→ **Your instructions**
Starting at the line holding "From 2004 to" and finishing at the line holding "ノブ ハイハラ『夜明けのヴェニス』 リトグラフ・送料無料・新品額装・UVカットアクリル仕様", transcribe the material exactly, keeping both ends but no pictures.

*** Data for the task Section Begins ***

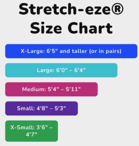 Most exercises tolerate some variability in size, but your comfort and range of motion are still key indicators. Height recommendations on the Stretch-eze® Shop are as follows:
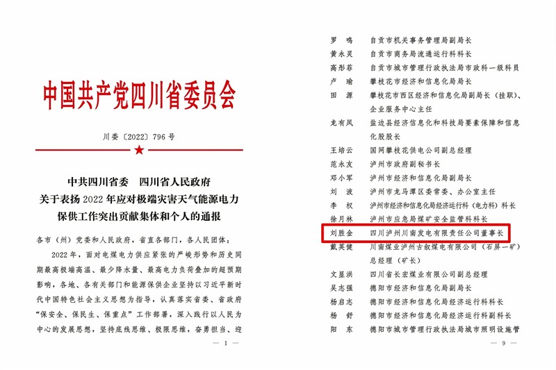 近期,中共四川省委、四川省人民政府發(fā)布了《關(guān)于表揚(yáng)2022年應(yīng)對極端災(zāi)害天氣能源電力保供工作突出貢獻(xiàn)集體和個(gè)人的通報(bào)》,公司黨委書記、董事長劉勝金同志獲省委省政府“2022年應(yīng)對極端災(zāi)害天氣能源電力保供工作突出貢獻(xiàn)個(gè)人”通報(bào)表揚(yáng)。
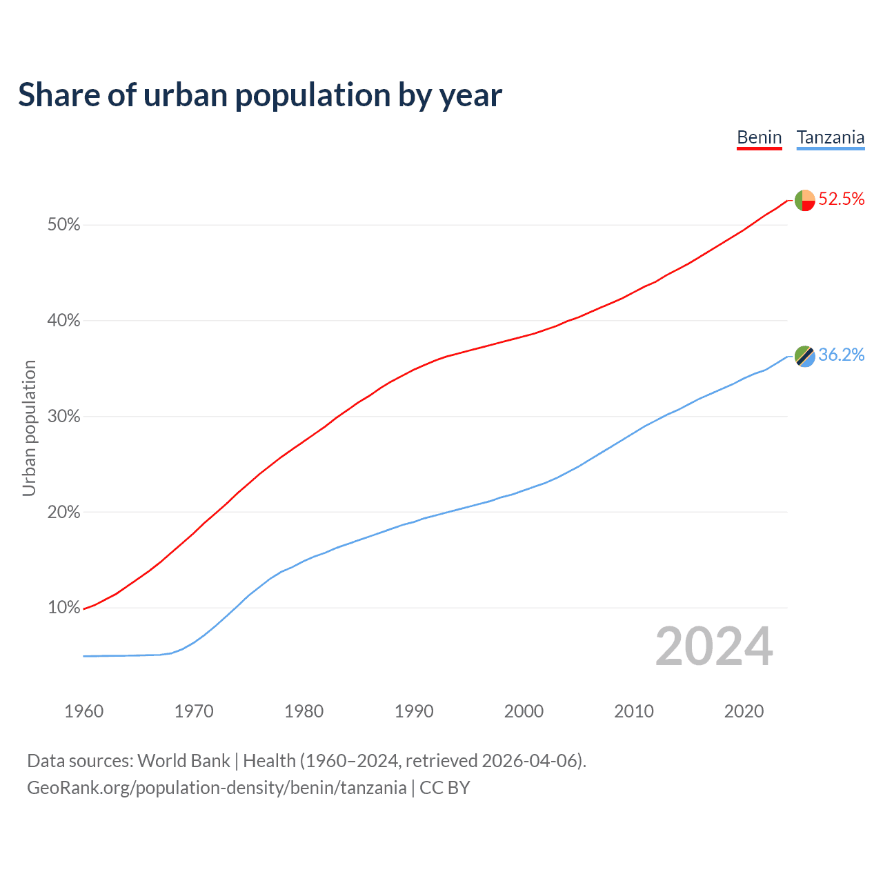 From 2004 to 2024, the share of urban population changed from 39.9% to 52.5% in Benin and from 24.1% to 36.2% in Tanzania.
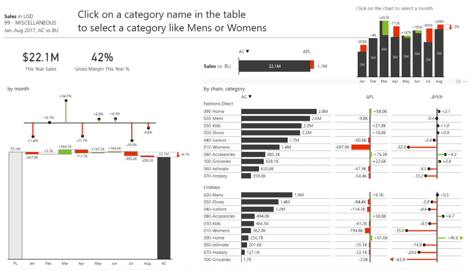 Women's clothing category is also under-performing in the other chain but to a lesser extent. You can easily understand not only what is good or bad, but exactly how bad itis. It's obvious that we must focus on women's clothing product category and take action.
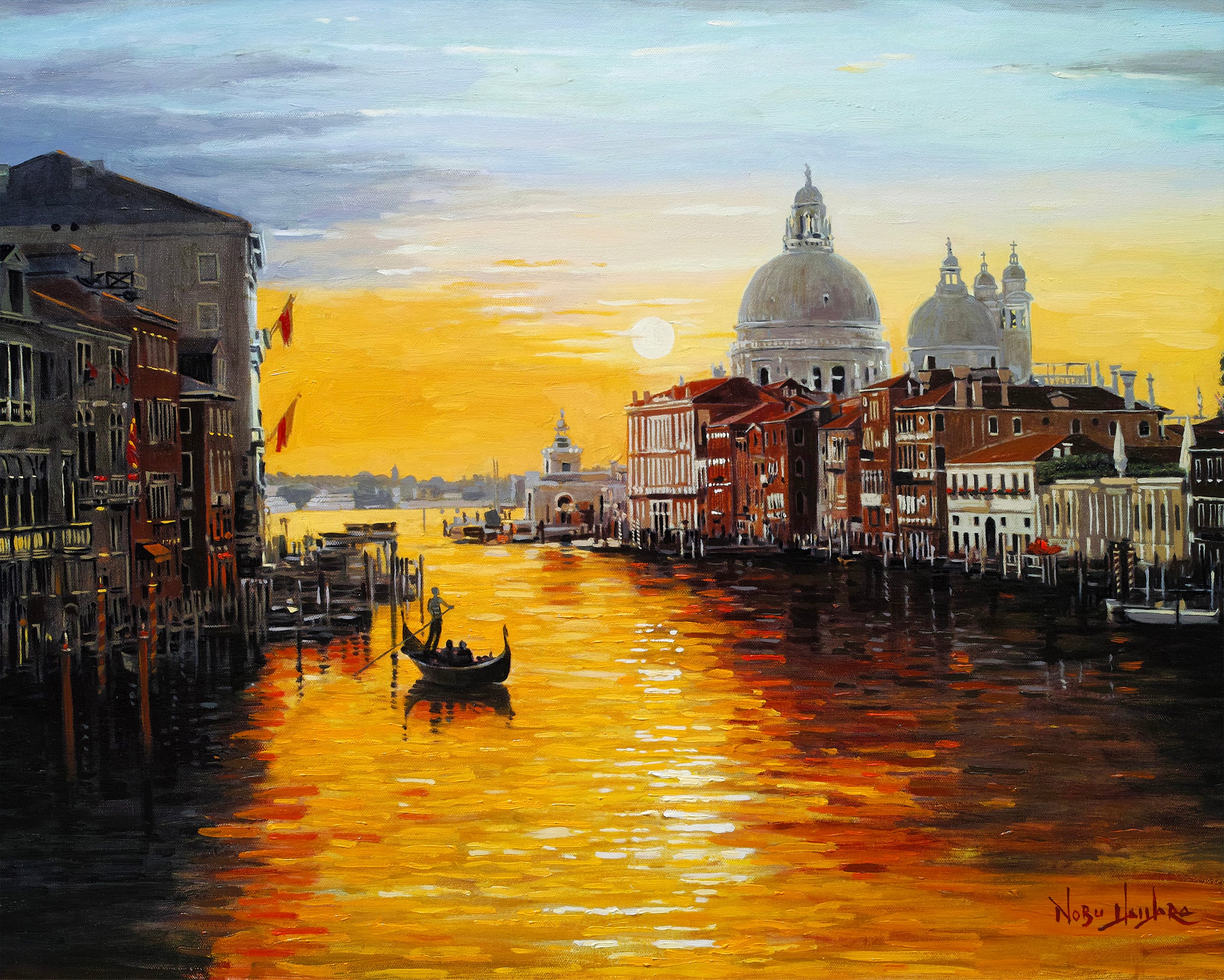 ノブ ハイハラ『夜明けのヴェニス』 リトグラフ・送料無料・新品額装・UVカットアクリル仕様
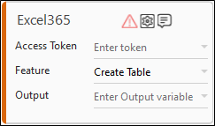 - The validation error symbol disappears when you select relevant values in the particular field from the available list. For example, Access Token, Create Table, and Output.
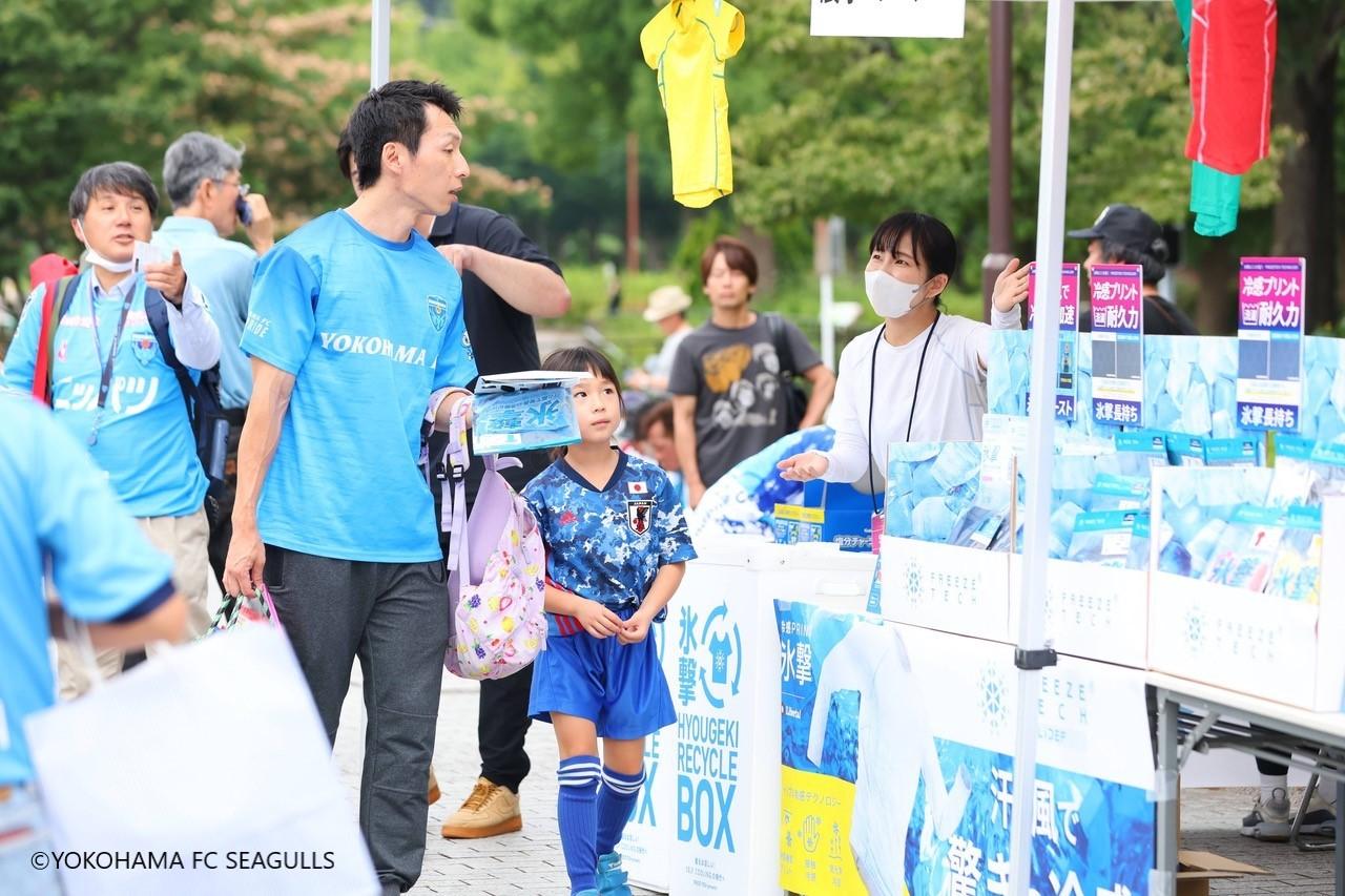 ニッパツ横浜FCシーガルズはオフィシャルクラブパートナーである株式会社リベルタが展開するクーリングウェア「氷撃・フリーズテック」の『ヒートレスキュー プロジェクト』に参加しています。プロジェクトの一環として、2023年6月24日のホームゲーム開催後に、子どもたちの暑さ対策を応援する横浜FC『氷撃SOCCER SCHOOL』を開催しました。会場では、子どもたちが持参した不要なTシャツと「フリーズテック」のシャツを交換。子どもたちは「フリーズテック」のシャツに着替えてピッチに飛び出し元気にボールを蹴りました。熱中症をテーマにしたクイズ形式のゲームも行いました。資源を再利用することの大切さを伝えると共に、頭と身体で地球温暖化や暑さ対策を学べる一石二鳥の仕掛けです。
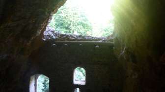 Die Burgruine Rappenstein in Untervaz, erbaut um 1250, beeindruckt mit einer starken Mauer, Fensterscharten und einem Hocheingang. Die Höhlenburg ist ganzjährig zugänglich und bietet Einblicke in historische Baukunst.
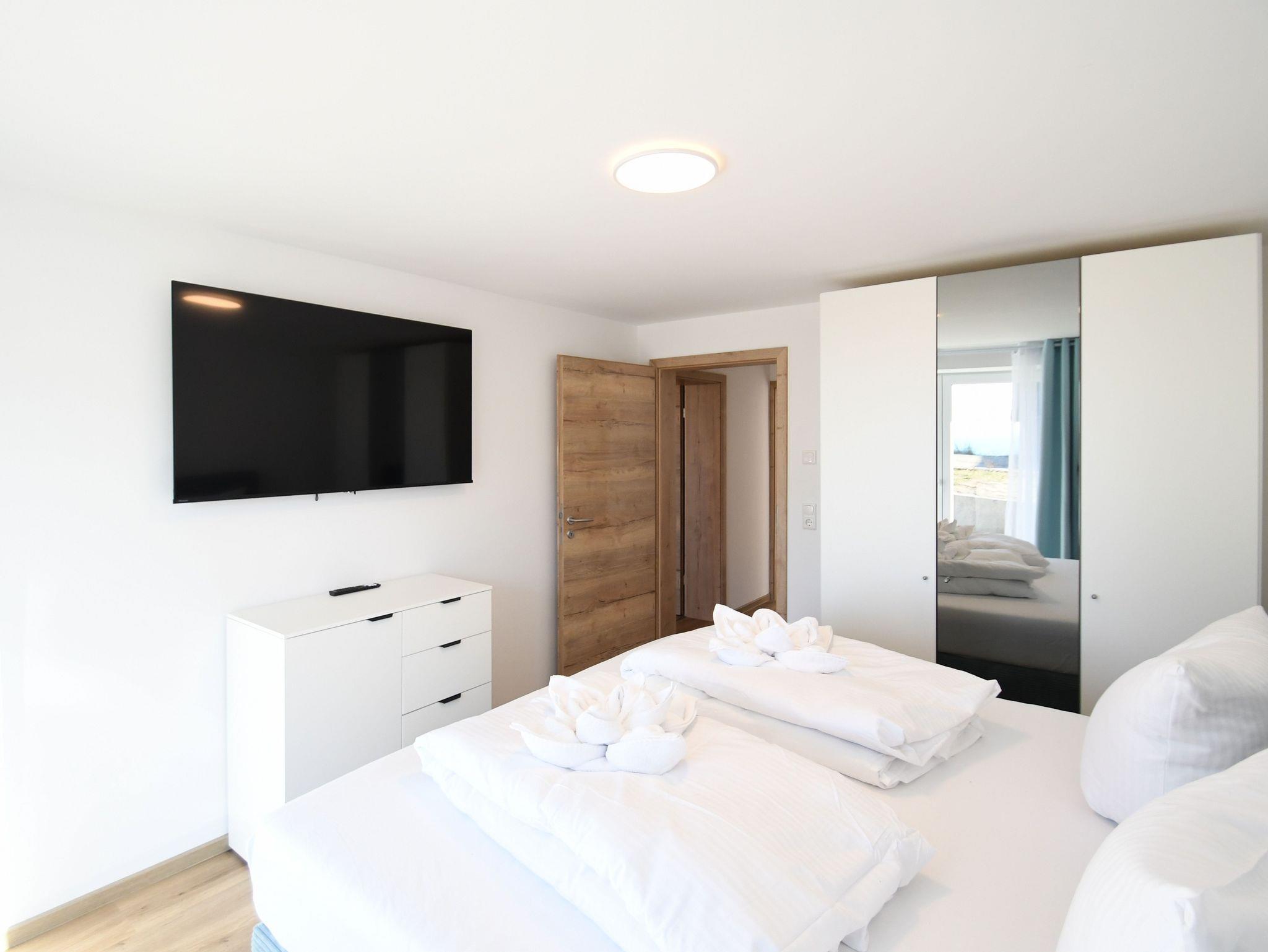 Die Schlafmöglichkeiten befinden sich im Schlafzimmer auf eine Doppelbett sowie einem Beistellbett. Desweiteren auf einer Ausziehcouch im Wohnzimmer.
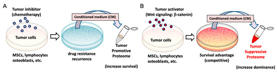 Comparison of the tumor-promotive secretome with the tumor-suppressive secretome. (A) Tumor cells induce the tumor-promotive secretome in response to a chemotherapeutic inhibitor to tumorigenic signalings, such as Wnt signaling, PI3K signaling, EMT induction, and PKA signaling [29,30]. Non-tumor cells (e.g., MSCs, lymphocytes, and osteoblasts, etc.) can also be used instead of tumor cells to produce a conditioned medium. (B) Tumor cells (and non-tumor cells, such as MSCs, lymphocytes, and osteoblasts, etc.) induce the tumor-suppressive secretome in response to an activator (e.g., the overexpression of β-catenin in Wnt signaling and the overexpression of Akt in PI3K signaling [29,30] to tumorigenic signaling).
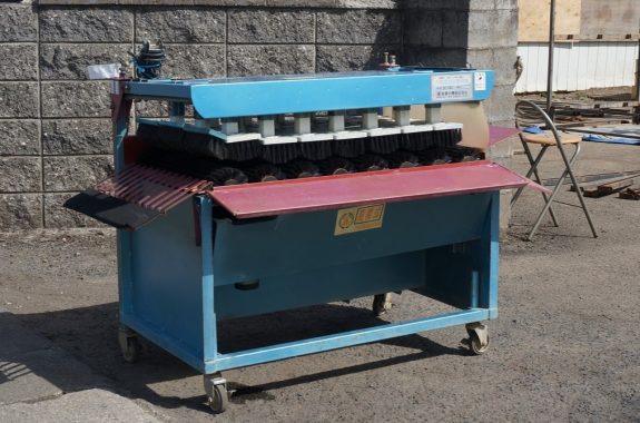 回転ブラシと上押しブラシの間に大根を連続的に通して洗浄するものです。ブラシは独立して、上下に動きますから先端までもれなく洗えます。追洗いが不要の良品です。お客様にご納得いただく査定額を付けさせていただきました。

*** Data for the task Section Ends ***

→ **Response area**
 From 2004 to 2024, the share of urban population changed from 39.9% to 52.5% in Benin and from 24.1% to 36.2% in Tanzania.
 Women's clothing category is also under-performing in the other chain but to a lesser extent. You can easily understand not only what is good or bad, but exactly how bad itis. It's obvious that we must focus on women's clothing product category and take action.
 ノブ ハイハラ『夜明けのヴェニス』 リトグラフ・送料無料・新品額装・UVカットアクリル仕様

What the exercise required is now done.